O maior temor do contribuinte interessado seria o de o Brasil passar a tributar os indivíduos residentes fiscais do Brasil imediatamente quando sociedades offshore (não estabelecidas no país, mas em jurisdições tidas como privilegiadas do ponto de vista fiscal) apurarem lucro no exercício, independentemente de este vir a ser efetivamente deliberado e distribuído ao sócio como dividendo.
Hoje, a legislação somente determina essa tributação automática de lucros de controladas e coligadas no exterior quando tais entidades são detidas por pessoa jurídica residente no Brasil. Para sócios pessoas físicas, o investimento no exterior via sociedades offshore fica sujeito ao regime de caixa, como via de regra ocorre na tributação de indivíduos, ou seja, apenas quando distribuídos os resultados por meio de dividendos – ou quando ocorra alienação da participação, ocasião em que é apurado eventual ganho de capital.
Por ora, ainda cremos serem baixas as chances de algo assim prosperar, embora venha sendo ativamente debatida a ideia. Tal reforma romperia com a tradição de se apurar o IR de indivíduos conforme o regime de caixa e levantaria riscos quanto à liquidez necessária para fazer frente ao imposto, o que por si pode demonstrar afronta ao princípio da capacidade contributiva. Acaso tal proposta venha a abranger entidades não personificadas, como fundos de investimentos, trusts, foundations, etc., sua inviabilidade e questionamento aumentariam, pois ali a distribuição de resultados nem sempre está sob controle do sócio brasileiro.

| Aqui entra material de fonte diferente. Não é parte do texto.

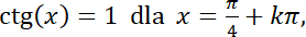 Z wykresu tej funkcji odczytaj, że przyjmuje ona wartość 1 dla argumentu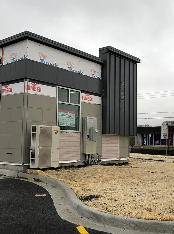 Ground up construction of a new 675 sf retail building in North Aurora, IL. Site improvements included soil remediation from a former gas station, all new site utilities and a parking lot to accommodate a new drive thru coffee shop. Wood framed building construction included a full commercial kitchen with installation of all specialty equipment for a retail coffee shop.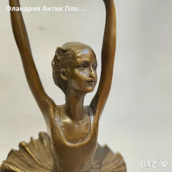 Изящна бронзова фигура на балерина в класическа поза, върху елегантна мраморна основа. Символ на грация, изкуство и движение. Перфектен подарък за ценители на балета!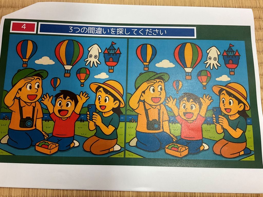 総勢32名の地域の皆様が参加されました。(^_-)-☆ 間違い探しでは佐賀に因んだ海苔 バルーン 呼子のイカについての豆知識をご紹介いたしました。19日のふれあいレクレーションでまたお会いしましょう。(^^)/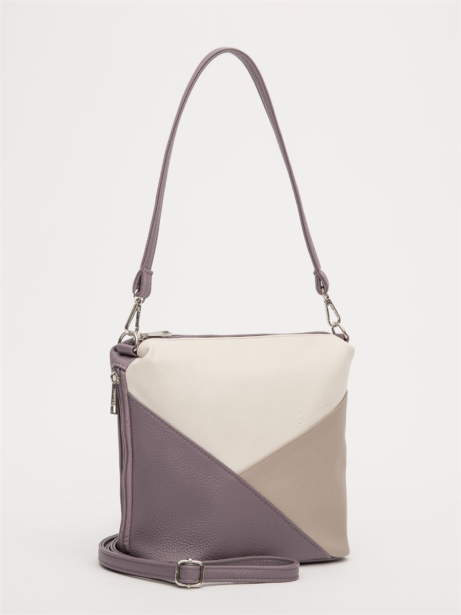 Элегантная сумка кросс-боди из винилискожи – стильный аксессуар, который подчеркнет ваш образ. Три вида кожи в передней разрезной детали создают эффектную игру фактур. Практичный отдел на молнии надежно сохранит ваши вещи, а два внешних кармана на молнии обеспечивают быстрый доступ к мелочам. Внутри – удобная организация: открытый карман для телефона и закрытый – для ценных вещей. В комплекте – два ремня (длинный регулируемый и короткий), позволяющие носить сумку как через плечо, так и в руках.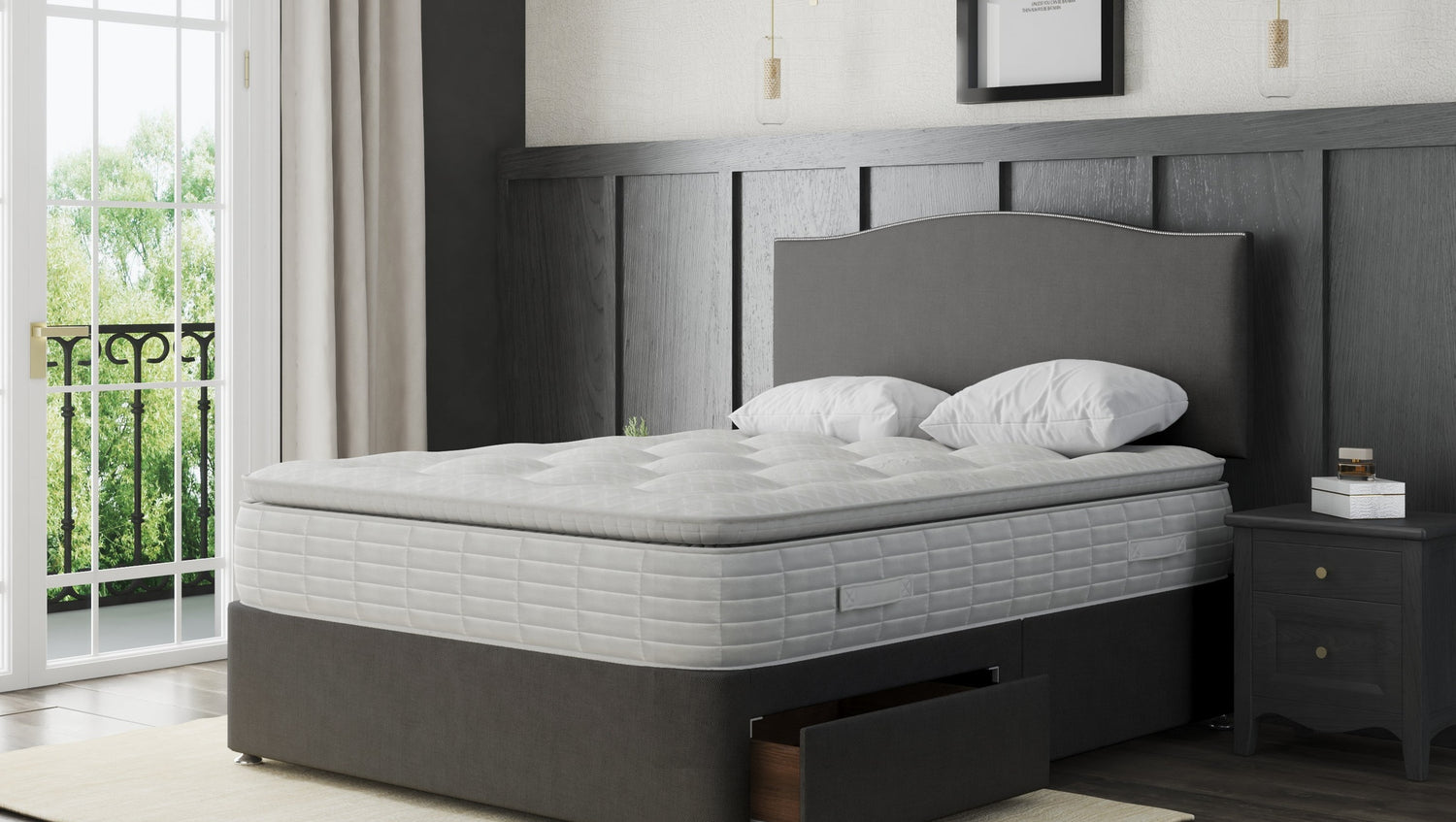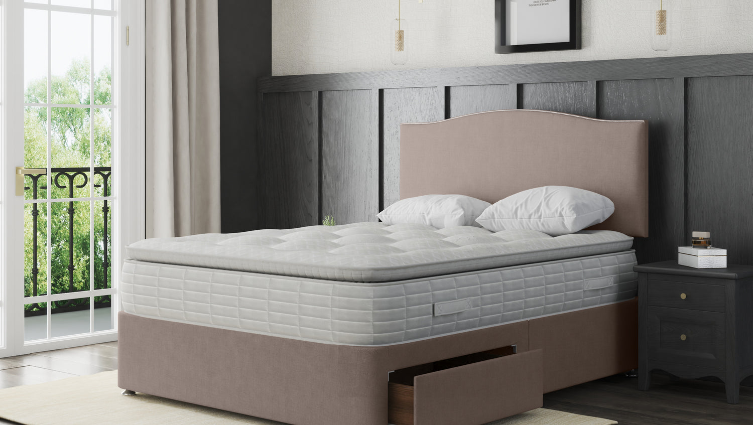 • Premium Fabric Upholstery: Our divan bed base and headboard are upholstered in high-quality fabric, offering a refined and elegant look.

Direto ao ponto: embora apresentadas como parte de uma reforma tributária que permitiria utilizar instrumentos arrecadatórios como verdadeira justiça social, eis que o novo governo declaradamente assume buscar alcançar os extratos superiores de renda para privilegiar a imensa parte da população, as medidas até agora aventadas podem complicar e encarecer ainda mais a vida do contribuinte, especialmente daquele que empreende e promove o crescimento da economia nacional. Não há limite objetivo para separar o que seria uma “elite” dos contribuintes, eis que diferentes medidas alcançariam diferentes grupos e ensejar discussões jurídicas a respeito de suas validades, gerando insegurança e, inevitavelmente, custos, que por fim acabam por encarecer serviços e mercadorias para todos – justamente o contrário do ideal proposto.